Qualifying payments? What? It’s not enough that you make payments,
only certain payments qualify:
…the only loan repayment plans that qualify are
income-driven. Bradford's plan is graduated, meaning it goes up over time but
does not change based on his earnings. So again, a program that theoretically
exists to help people like him doesn't actually do them any good at all.
The gentle reader should understand there’s a very
significant government bureaucracy dedicated to student loan forgiveness…but it
seems like they are far more dedicated to denying forgiveness than anything
else. Does anyone make it through the endless minefields?

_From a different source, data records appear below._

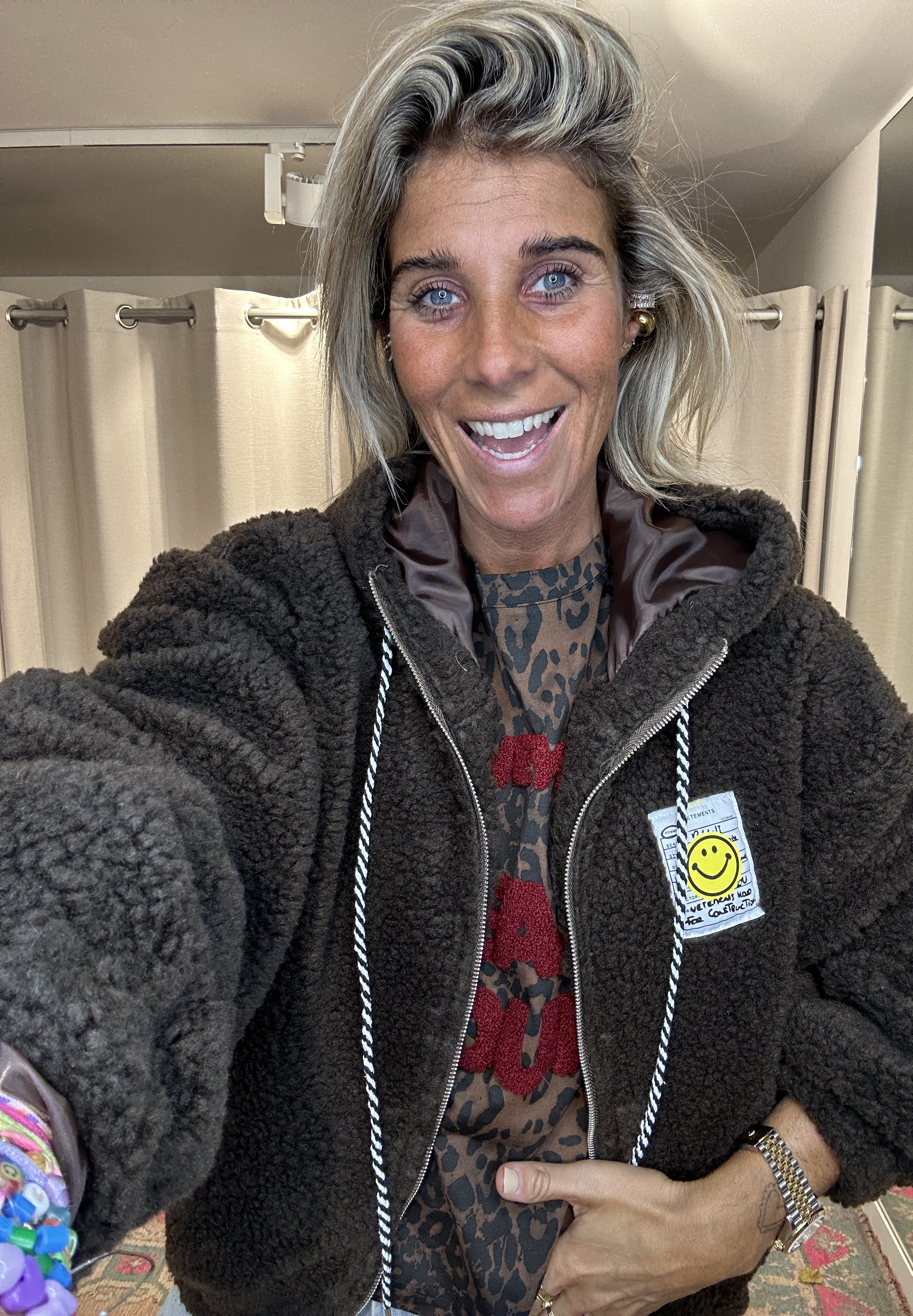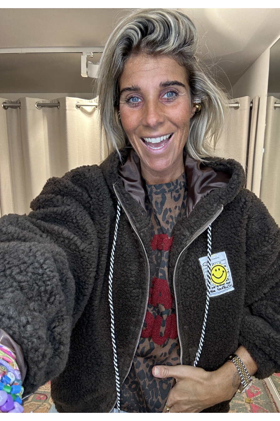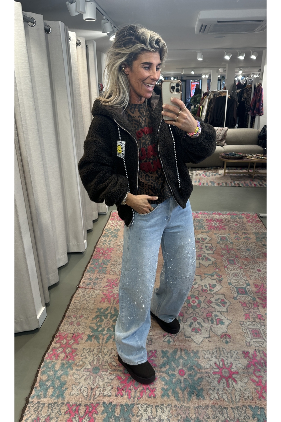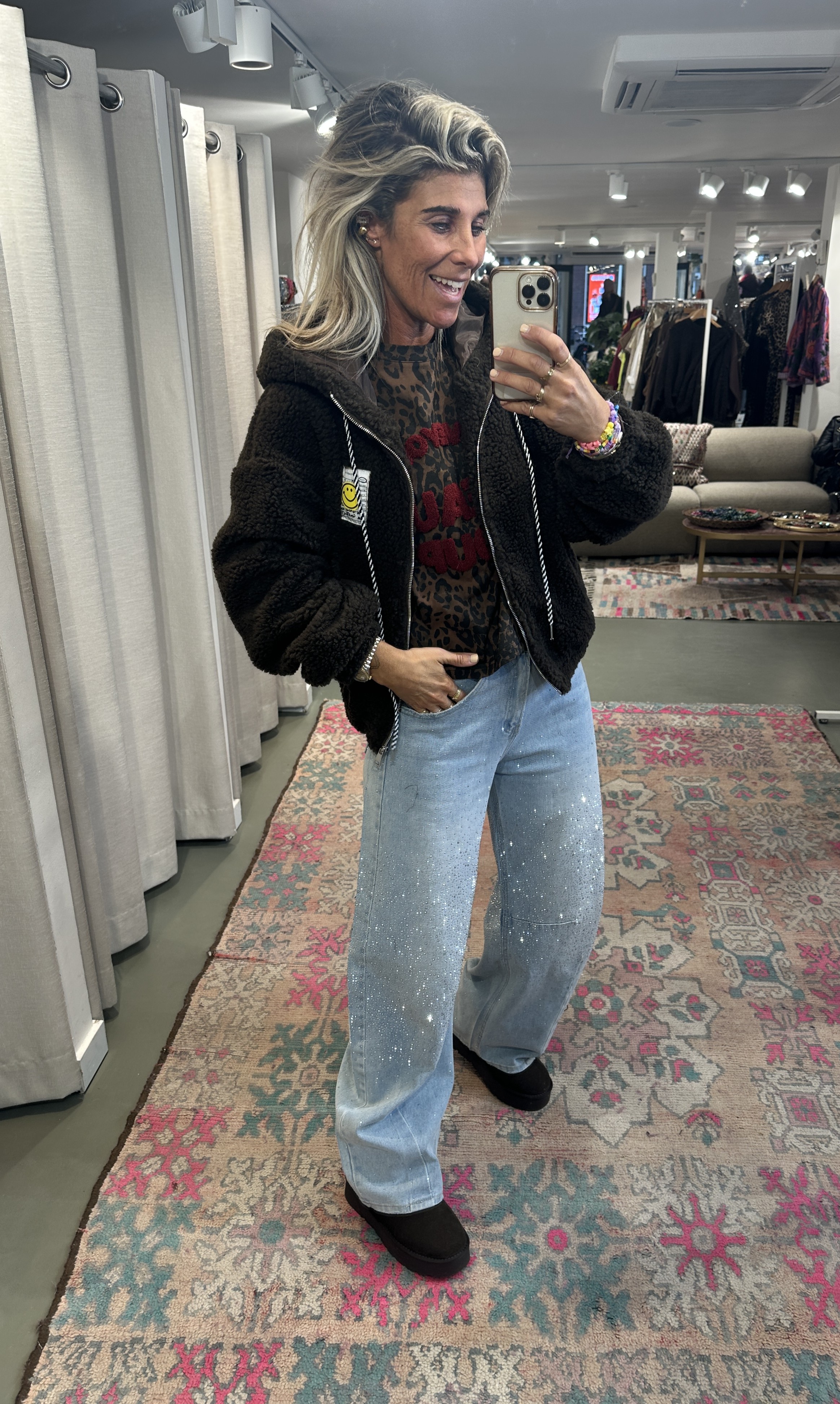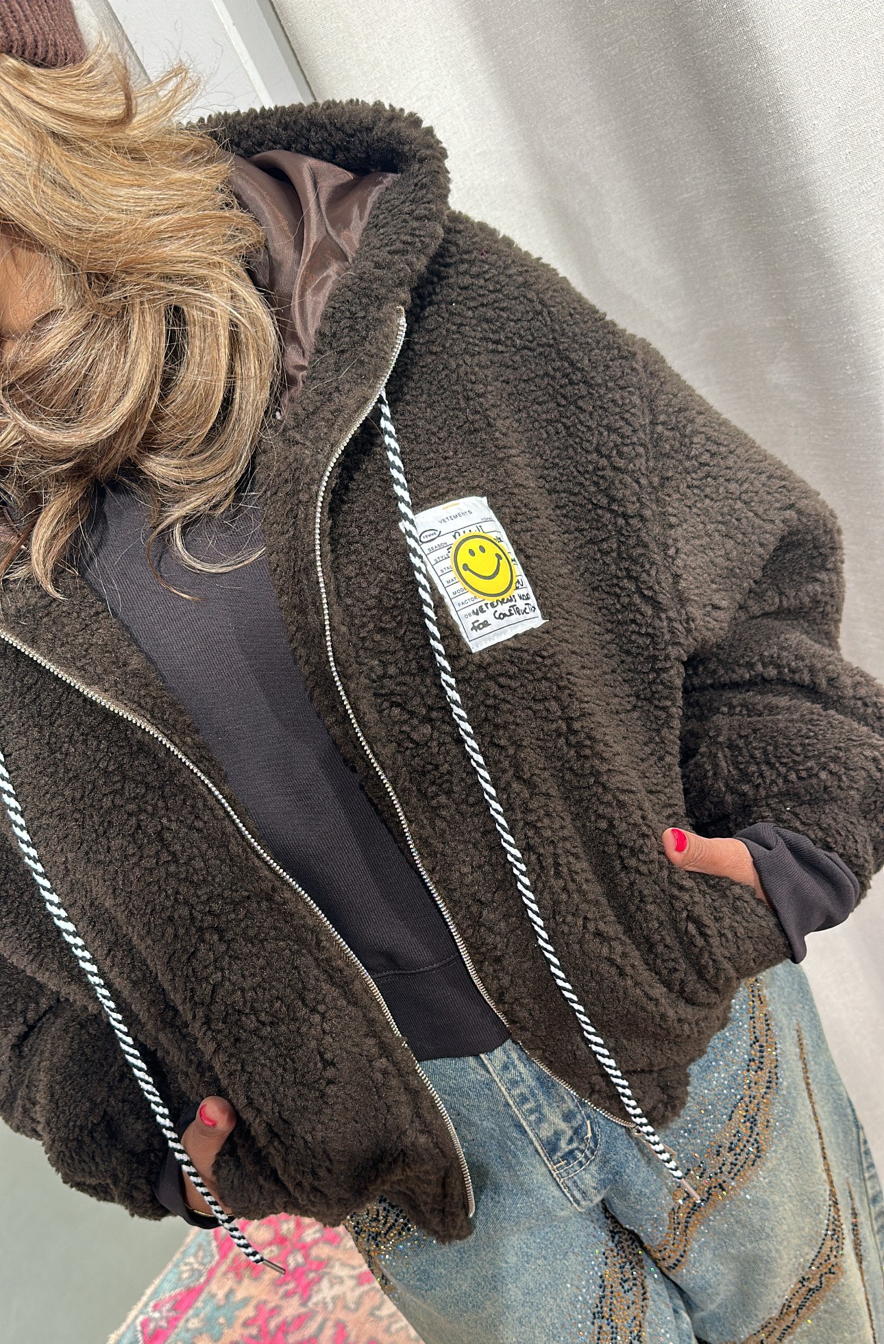 Kom maar door met dit heerlijke fluffy Jacket met Smiley patch! Onesize model met stevige rits en handige zakken, draagbaar tot maat...
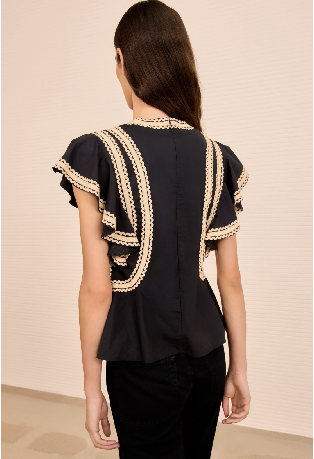 Anora Flutter Sleeve Top Noir
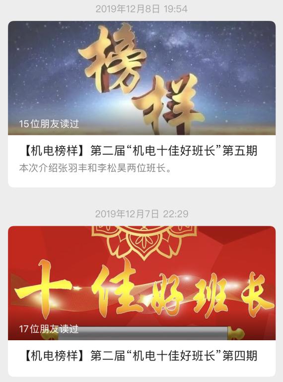 榜样传承精神,先进典型是有形的正能量,也是鲜活的价值观。学院设立“榜Young”系列,宣传了“中国好人”王跃熙、“大智之星”王敏、优秀机电学子刘冰桀等,让机电学子汲取榜样“内在的力量”,向榜样看齐。制作“机电好班长”、“十佳团支书”等专题,让机电学生班干等像榜样看齐,争做合格学生干部。推出“百团百优”栏目,推出150余个班团剪影,增强班级凝聚力。
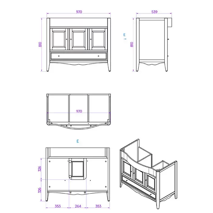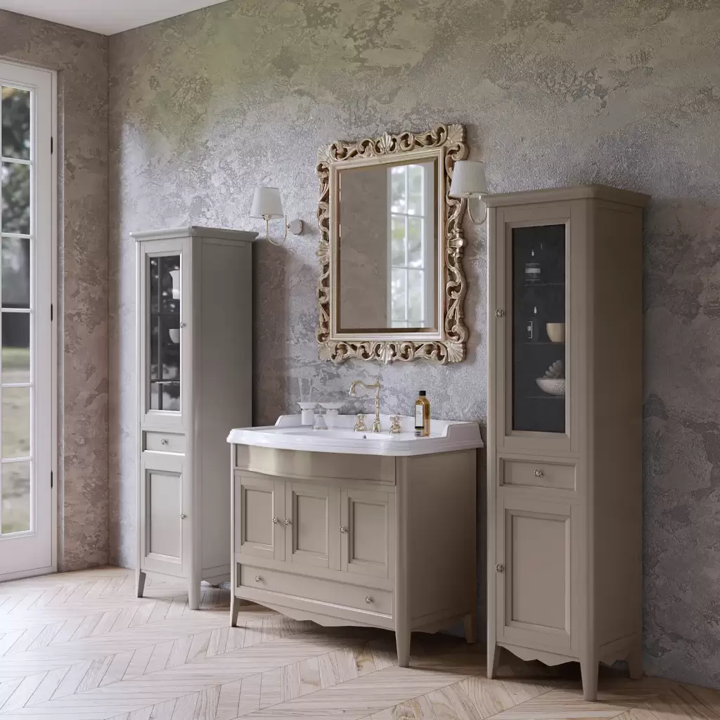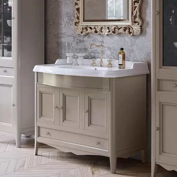 TW Veronica, База с раковиной Simas AR874bi*1 105x56см, с 1отв., 3 расп. дв. и 1ящик, доводч. Blum, ручки: Riflesso бронза, напольная, цвет: TORTORA
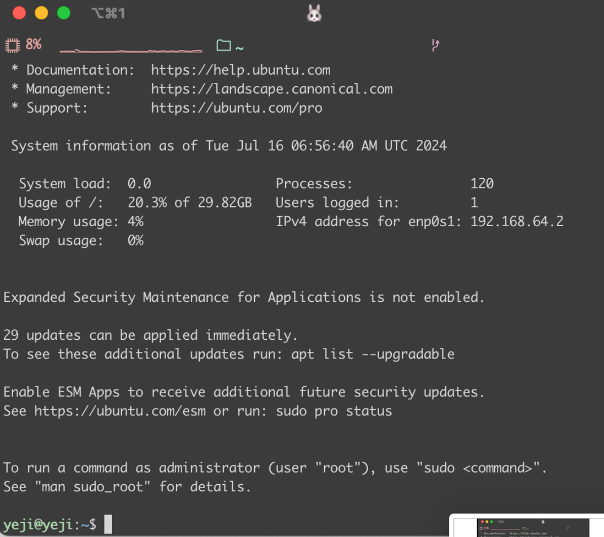 터미널에 ssh yeji@ip주소 를 입력하고, 비밀번호를 쳐주면 로컬에서 VM에 연결할 수 있다.

Through the end of June, more than 28,000 borrowers have
applied for loan forgiveness under the PSLF program. Of them, precisely 96 borrowers have had their
applications approved,…
--emphasis added.
Even if
exactly 100 borrowers were approved, well, that’s 1 in 280 applicants…and we're not at that level. You are
nearly 30 times more likely to get lung cancer than qualify for loan
forgiveness. At least we don’t have a government bureaucracy to give people
lung cancer, so there’s that.
Keep in
mind, this guy had a loan comparable to a car loan, which most folks can pay
off in less than a decade. After his many years of payments, what’s he down to?
Bradford received a letter informing him he's eligible
to apply. But he's not sure if it's even worth trying. "I know I'm going
to be rejected again," he says. Plus, Bradford only has about $5,000 left
to repay. At this point, he and his wife might just pay it off and "be
done with it."
Not to sound
cavalier, but paying it off makes much more sense than continue to jump through
government hoops in an attempt to get those last few thousand forgiven.
I feel the
need to point out the anecdote above is nearly ideal, and still he got nowhere.
Millions of people with student loans were assigned those loans fraudulently,
either via fly-by-night schools which had no interest in education, or even by
state schools who sacrificed quantify over quality, bloating the size of the
campus while doing very little to help all the new kids in the classes.
I know my
blog is insignificant, but I do wish there was a way to at least get the
message out about “student loan forgiveness” programs because they quite
obviously don’t work.
I also applied for loan forgiveness once I had completed 10 years of payments post Oct 2007.
ReplyDeleteMy (current) loan servicer is not a part of the program, so I was denied. Granted when I started counting payments in 2007 I was being serviced by a provider who was a part of the program.
At no point was I given a choice as to whether my loan would be sold (all freely allowed by the Dept. of Education and federal government). In fact, over the decade between 2007 and 2018 my loan was "serviced" by at least 4 different companies.
I had previously tried loan forgiveness twice before. Each time I appealed right up to the ombudsman of the US Dept. of Education and was repeatedly denied. I've taught in Title 1 schools for over 25 years and yet still don't qualify.
Thank you for your "insignificant blog". As another math teacher out here I certainly appreciate it.